Well this is surprising. From WTEN:
Budget Controversy Sparked by Just Two Little Lines
The Governor calls it a tax break - a tax break worth a couple of hundred dollars. But the people who teach your kids call it bad public policy.
The idea that parents who send their kids to a private or parochial school get a tax deduction was a surprise for many in the budget plan Governor Spitzer laid out. And some are saying it was snuck in, in the five-volume budget.
And the proposal makes up just two lines. NEWS10's John McLoughlin explains why those two little lines could be what many people will care the most about.
The Governor never even mentioned it during his budget briefings - but there it was, a new personal income tax deduction of up to one-thousand dollars for each kid in private or parochial school.

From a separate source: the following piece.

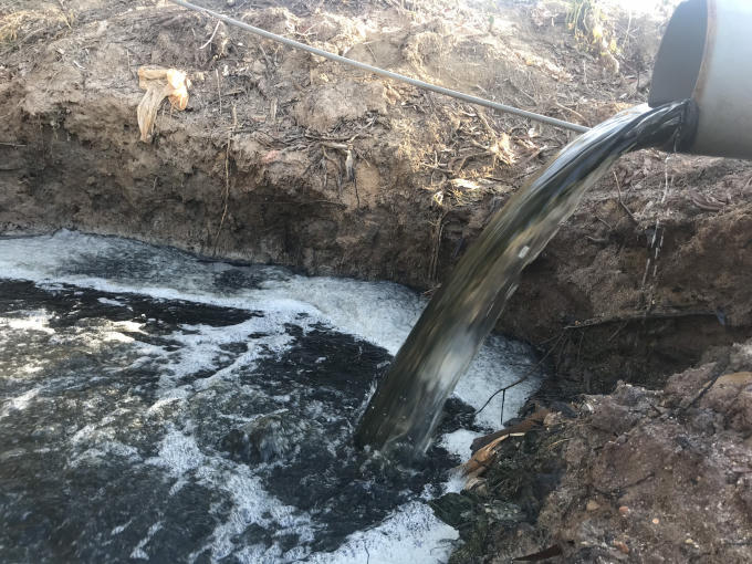 Đặc biệt khi đến gần ao chưa mùi hôi thối dường như không thể chịu đựng nổi. Dòng nước thải ào ào đổ về xủi bọt, phía trên xác tôm nổi đông thành váng. Tại ao chứa cuối cùng có hai họng cống đang đổ loại nước thải đen kịt ra dòng khe Chùa.

"Were you surprised when you saw this in the budget?" McLoughlin asked Steve Allinger, the Legislative Director of the New York State United Teachers Union.
"Yes, we were surprised," Allinger said.
Allinger, the lobbyist for NYSUT, says tax deductions for religious schools not only harm public education - he says they are simply wrong, "to use the public's tax expenditures or appropriations to support narrow private sectarian uses."
"They've got a lot of nerve complaining," says Dennis Poust, Legislative Director for the New York State Catholic Conference.
Poust says NYSUT's got a lot of nerve after Spitzer pledged a record seven-billion dollars in new school aid, while the private and parochial schools are educating half-a-million youngsters for a lot less money.
This is something I didn't expect from Spitzer. Most Democrats are so tight with the teachers' unions that they wouldn't even dream of proposing such a thing. Of course NYSUT's response was exactly what I expected. Their rep makes it a point to mention that money would go to "sectarian" schools. No one ever seems to remember that millions of dollars in government financial aid and student loans goes to private religious colleges and universities every year. I guess we owe this oversight to the lack of a powerful union for professors at the state instititions of higher education. The squeaky wheel gets the grease, and all that.
It'll be interesting to see if our new Governor has the stones to stand up to them. I'll keep my fingers crossed, but I'm not holding my breath.